Our Church calendar provides many occasions when we are asked to face up to the fact of death. Good Friday is one such occasion. So is Easter. Sunday is another. Every Sunday is a "little Easter" celebrating Christ’s victory over death. On our Church calendar every year, there are special Memorial Saturdays or "Saturdays of the Souls" which provide another opportunity for us to face up to death, i.e., the two Saturdays preceding Great Lent; the first Saturday of Great Lent, the Saturday before Pentecost. On these Saturdays the Divine Liturgy is celebrated and special prayers are offered for our deceased loved ones. We pray for the dead especially on Saturdays since it was on the Sabbath day that Christ lay dead in the tomb, "resting from all His works and trampling down death by death." Thus, in the New Testament, Saturday becomes the proper day for remembering the dead and offering prayers for them.
There are two questions often asked about the practice of praying for the dead that we have in the Orthodox Church: 1. WHY do we pray for the dead? 2. WHAT can we expect of these prayers?
Why do we Pray for the Dead?
Christianity is a religion of love. Praying for the dead is an expression of love. We ask God to remember our departed because we love them. Love relationships survive death and even transcend it. There is an inner need for a relationship with a loved one to continue to be expressed even after a loved one has died. Often even more so after a loved one has died since physical communication is no longer possible. The Church encourages us to express our love for our departed brethren through memorial services and prayers.
The anniversary of the death of a loved one is very painful. The Church helps us cope with this pain by encouraging us to have memorial prayers offered in Church for departed loved ones on the anniversaries of their deaths, i.e., forty days after the death, six months, a year, etc. This gives us the opportunity to do something for our loved one. It helps express and resolve our grief.
Death may take loved ones out of sight but it certainly does not take them out of mind, or out of heart. We continue to love them and think of them as we believe they continue to love us and think of us. How can a mother forget a child who has passed over to the life beyond? The same love which led her to pray for that child when he lived will guide her to pray for him now. For in Christ all are living. The same love makes her wish to communicate with him. Yet, all communication must take place in Christ and through Christ. No other communication with the dead is possible or lawful for the Christian. God is God of the living. Our dear ones live in Him. Only through Him is it possible for us to communicate with them. Every liturgy in the Orthodox Church contains prayers for the dead such as the following: "Be mindful also of all those who slumber in the hope of a resurrection to everlasting life.

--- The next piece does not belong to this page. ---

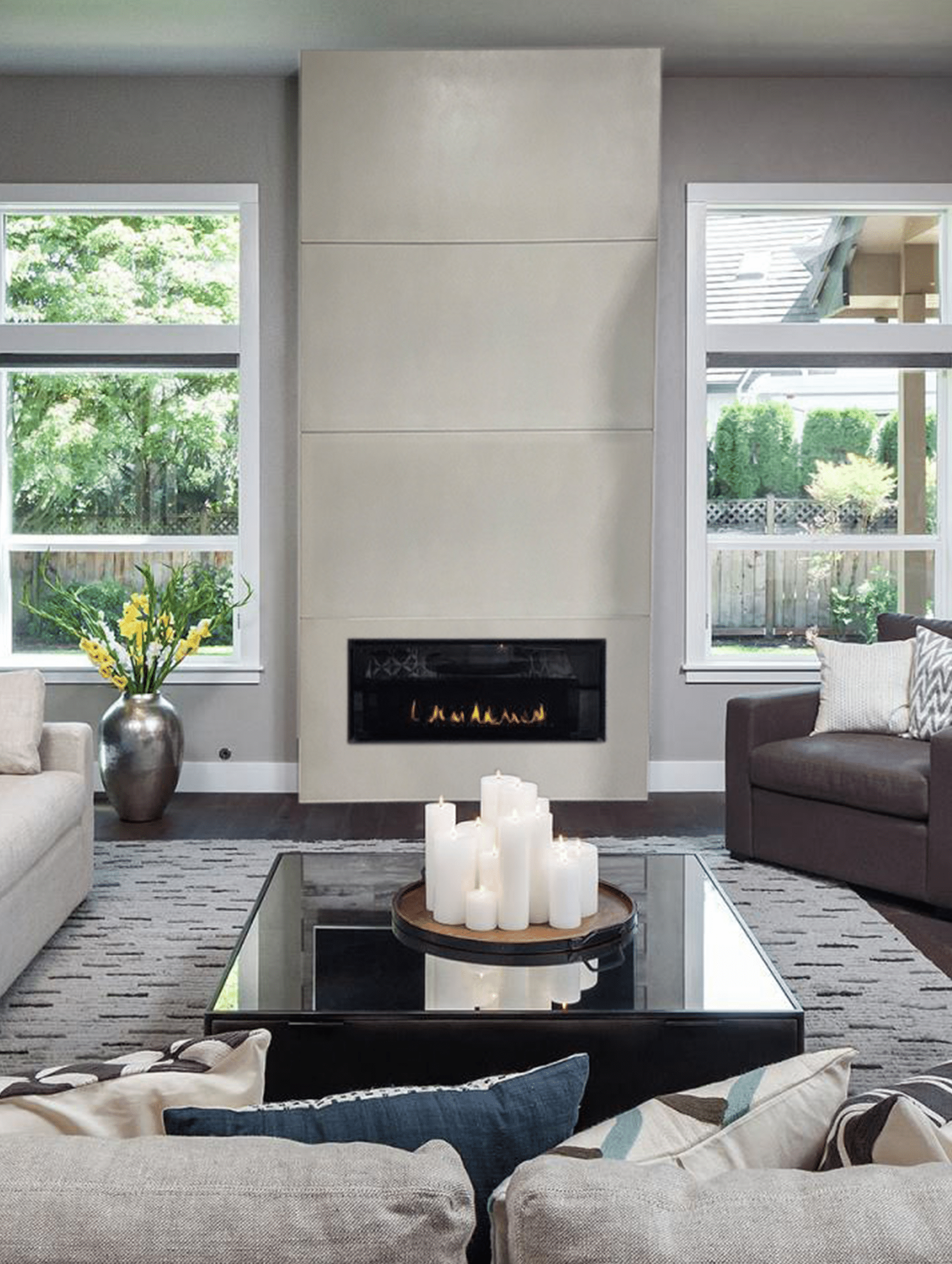 • Fireplace Insert: Dimplex IgniteXL® 50″ linear electric fireplace included

Give them rest, O God, where the light of Thy countenance shineth."
Just as we pray for the deceased, so we believe they continue to love us, remember us, and pray for us now that they are closer to God. We cannot forget the example of the rich man in Hades asking Abraham to send Lazarus to warn his brothers lest they, too, go to that place of torment. Though he had left this life, he did not cease to be concerned for his brothers still on earth.
The Orthodox Church prays for the dead to express her faith that all who have fallen asleep in the Lord, live in the Lord; their lives are hidden with Christ in God (Col. 3:3). Whether on earth or in heaven, the Church is a single family, one Body in Christ. Death changes the location but it cannot sever the bond of love.
What can we Expect of our Prayers for the Dead?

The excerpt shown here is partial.